Review Detail

Young Adult Fiction 2301
Famously Infamous
Overall rating 
 
3.7
Plot 
 
3.0
Characters 
 
4.0
Writing Style 
 
4.0

This dark and gritty urban fantasy is the third book in Sherrilyn Kenyon’s appeal to a more PG-13 audience. (I hadn't read the previous two books, but I have read several from her adult paranormal romances that occur in the same universe, and introduce many of the overlapping characters.) While it did take a while to center myself, I would argue that there is effort put forth to make this book stand somewhat sufficiently on its own.

Nick Gautier isn't your typical angsty teen from the wrong side of the tracks. He’s also half-demon, and it’s his alleged destiny to destroy the world. Assuming the world doesn't destroy him first.

Here's Nick in a nutshell:

“My name is Nick Gautier and this is the story of my life.

First off, get the name right. It’s pronounced Go-shay not Go-tee-ay or Goat-chay (that has an extra H in it and as my mom says we’re so poor we couldn't afford the extra letter). I’m not some fancy French fashion designer. I’m just a regular kid… well as regular as someone with a stripper for a mother and a career felon for a father can be.”

Nick, as followers of the series already know, is scathingly sarcastic yet uniquely noble. As far as male teen heroes go, you couldn't ask for much better or more believable—supernatural influences notwithstanding. While he is our primary point of view character, Kenyon doesn’t shy away from using an array of different peripheral characters to further her storytelling. The pacing is swift, the characterization consistent, and the actions scenes abundant. I particularly enjoyed the array of support that Nick has unwittingly built up and how it comes into play as he winds up in a few brutal bouts of trouble.

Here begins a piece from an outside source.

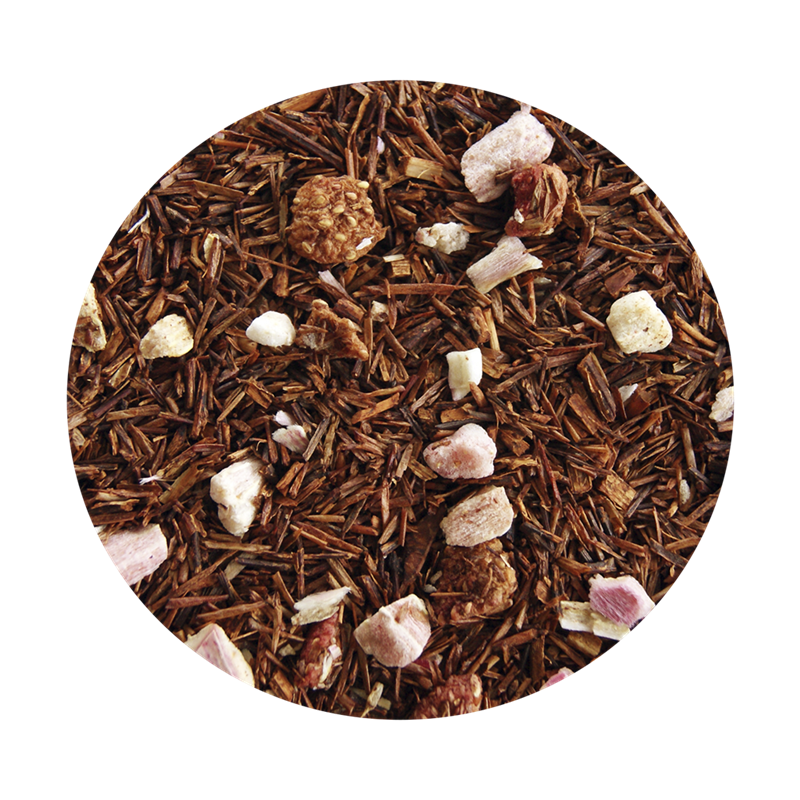 Sydafrikansk rooibush te (96%), frysetørrede jordbærstykker (1%), frysetørrede rabarberstykker (1%) og aroma.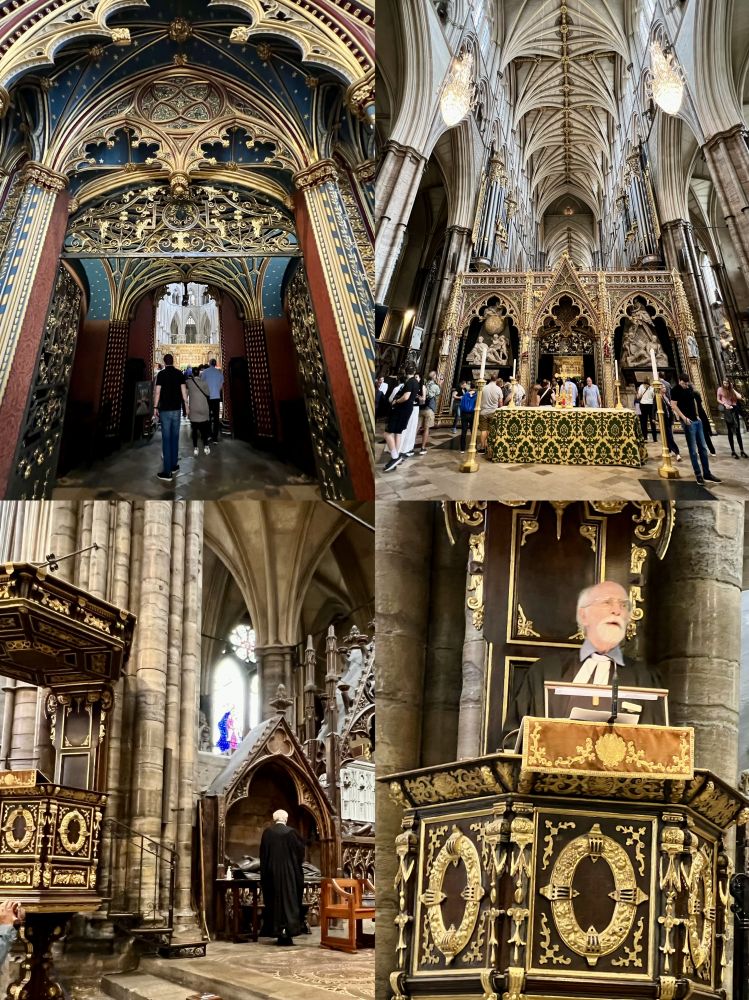 照片13-14: 我们恰好遇到教堂里的牧师在时钟敲响正点时祈祷(照片13);威斯敏斯特教堂至今依然是一个具有敬拜的教堂,这是2018年8月宝宝外公到伦敦出差在此教堂参加礼拜时的程序单(照片14)。

Themes of bullying and suicide prevention run through and through in this plot arc. Kenyon’s maternal side comes out loud and strong as the narrative repeatedly stresses the underlying value of life and the potential for even minor interventions to turn the tide in someone’s personal struggle. While the extent of these “teachable moments” sometimes comes off a bit heavy-handed, this reader greatly respects that the author takes seriously her potential to influence an impressionable YA audience. She’s not simply seeking to entertain them, she’s striving to get them thinking (and coping with adolescence) more effectively.

The biggest drawback to this book? Nick’s mother. -_-
Cherise swings from smotheringly hyper-maternal to dementedly accusatory and back at the drop of a hat. On top of that, she has to be the worst judge of character in the history of literature. >.< Every time she's in a scene, I want to smack her upside the head with my shoe.